Over the past year, many prominent psychiatrists have been exposed by the Wall Street Journal for having unscrupulous dealings with the pharmaceutical industry. The following articles are in relation to Paxil-Seroxat and how this dangerous , harmful and defective medication was promoted by the top brass of Psychiatry. The words “bias” , “conflict of interest” and “corruption” don’t even come close to describing the magnitude of the crime against humanity involved here. Check out some of these articles from the Wall Street Journal for more on this :
Another Emory Psychiatrist Draws Fire for Payments From Glaxo
By David Armstrong
More details are coming out about the relationship between Emory University psychiatrist Zachary Stowe and GlaxoSmithKline, which made payments to Stowe at the same time he was conducting federal research about the use of antipressants, such as Glaxo’s Paxil, in pregnant women.
Emory has reprimanded Stowe, who was instructed to immediately eliminate conflicts related to current federal grants. In a statement, the school said Stowe had informed it of “previously unreported activities and has disclosed his failure to abide by Emory policies.” Stowe, through the university, declined an interview request. Here’s more on the story.
In a letter this month to Emory, Sen. Charles Grassley said records he obtained from Glaxo indicated Stowe was paid $154,400 by the drug company in 2007 and $99,300 during the first 10 months of 2008. Stowe is listed as the primary investigator on at least three National Institutes of Health grants, beginning in 2003 and continuing through last year, that involve antidepressant use in pregnant women and the effects on children delivered by those women.

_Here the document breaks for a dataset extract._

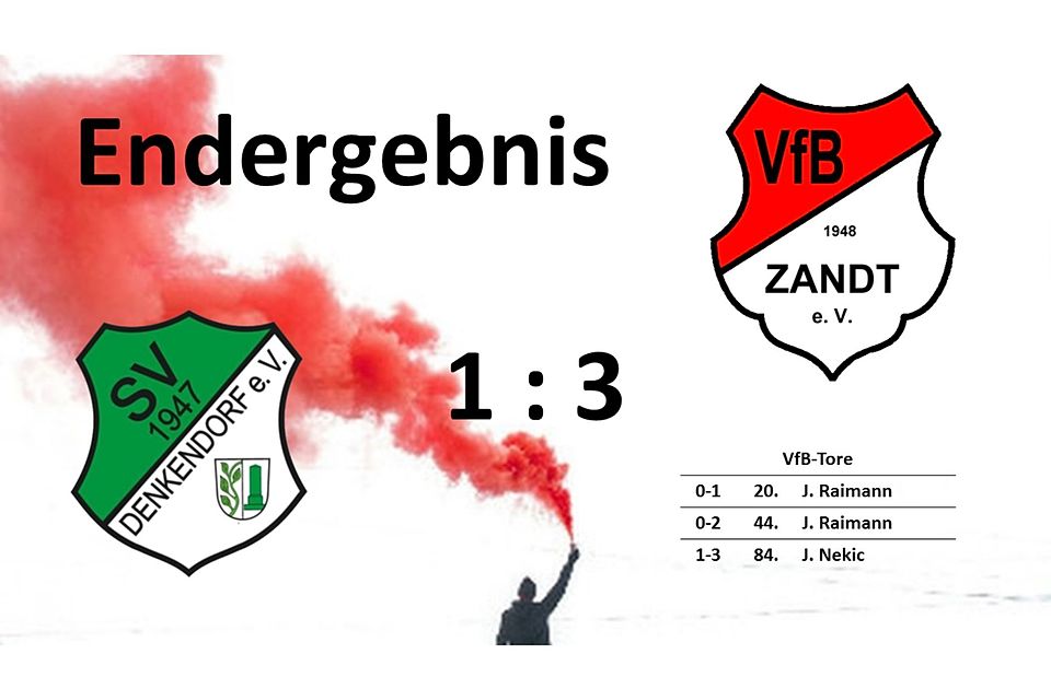 Trotz der aufgeheizten Atmosphäre behielt der VfB Zandt einen kühlen Kopf und ging in der 16. Minute in Führung: Justin Raimann verwandelte einen Freistoß direkt zum 1:0. Auch danach blieb die Begegnung umkämpft und emotional. Ihren Höhepunkt fand die Partie in einer Roten Karte für Denkendorfs Spielertrainer Flamur Bajraktari wegen Handspiels und der Verhinderung einer klaren Torchance. Kurz vor der Pause war es erneut Raimann, der ein Zuspiel von Benedikt Reitzer zum vorentscheidenden 2:0 verwertete.

Meanwhile, Stowe outlined some dealings with Glaxo in a deposition last year taken as part of a lawsuit claiming that Paxil isn’t safe for pregnant women. Stowe was questioned in detail about a 2000 email from an outside public-relations firm to a marketing executive at Glaxo about a planned press release for a new study. The study, conducted by Stowe, found Paxil is safe for breast-feeding mothers. The PR firm’s email to Glaxo reads:
Please review the attached press release and forward me any comments/edits. As you may know, Dr. Stowe is on board for publicity efforts and Sherri and I are coordinating time to meet with him next week to arm him with key messages for this announcement, which is slated for early February. We are sending the release for his review at the same time in efforts to secure distribution on Emory letterhead (as you know, would provide further credibility to data for the media).

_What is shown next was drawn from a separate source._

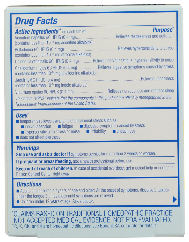 Boiron StressCalm provides an over-the-counter option to relieve occasional nervous tension, irritability, hypersensitivity, and fatigue due to everyday stress.* Its blend of plant-based active ingredients reduce nervous tension, calming both mind and body. As a non-sedative homeopathic medicine, it helps you stay focused and relaxed without affecting alertness, so it can be taken before performing, public speaking, taking a test, or flying. It can also be used up to two weeks for occasional stress from starting a new job, moving into a new house, or planning a wedding. The meltaway tablets are convenient and discreet to take without water at the onset of symptoms and can be taken on an empty stomach.

In the deposition, Stowe said the quotes in the press release were his own. “They wrote it, we said it,” Stowe said of the involvement of the public-relations agency. As for the assertion by the PR official that Stowe was being provided with “key messages,” the psychiatrist called that “just typical public relations crap” and he said in the deposition he never received help from the PR officials.
Stowe is the second Emory psychiatrist to run into problems related to his work with the drug industry. Charles Nemeroff stepped down as chairman of the psychiatry department last year after an Emory investigation concluded that he failed to report more than $800,000 he received from Glaxo from 2000 to 2006. In December, he said in a statement that he acted “in good faith to comply with the rules as I understood them to be in effect at the time.”
Doctor Didn’t Disclose Glaxo Payments, Senator Says
The senator alleges Dr. Nemeroff did not report that he was giving promotional talks for Glaxo on the anti-depressant Paxil.
By Sarah Rubenstein
Emory University continues to feel the heat over Sen. Charles Grassley’s investigation into conflicts of interest among doctors: The federal government is investigating whether Emory misled the National Institutes of Health over payments that prominent psychiatrist Charles Nemeroff received from GlaxoSmithKline, the WSJ reports.
Nemeroff stepped down from the chairmanship of Emory’s psychiatry department, but remains a professor there, amid allegations that he failed to disclose hundreds of thousands of dollars in payments from Glaxo, maker of antidepressant Paxil.
A probe by the inspector general for the Department of Health and Human Services is looking into whether Emory failed to tell the NIH about Nemeroff’s potential conflicts, or misrepresented the kind of work he did for Glaxo, as he served as lead investigator on NIH-funded research on five Glaxo drugs for use as antidepressants, WSJ says. The NIH last year suspended a $9.3 million grant to Emory amid Grassley’s probe.
Grassley has been encouraging the HHS inspector general to look into the matter to make sure “Emory did not, either directly or indirectly, mislead the NIH about the nature of Dr. Nemeroff’s promotional talks for GSK and advocacy on behalf of Paxil,” as he wrote (click the letter at right).
A spokeswoman for the inspector general wouldn’t comment on whether the office was investigating. Emory said it will continue to cooperate with NIH; NIH declined to comment. Nemeroff didn’t return the WSJ’s call but has said before he believes he complied with relevant disclosure requirements.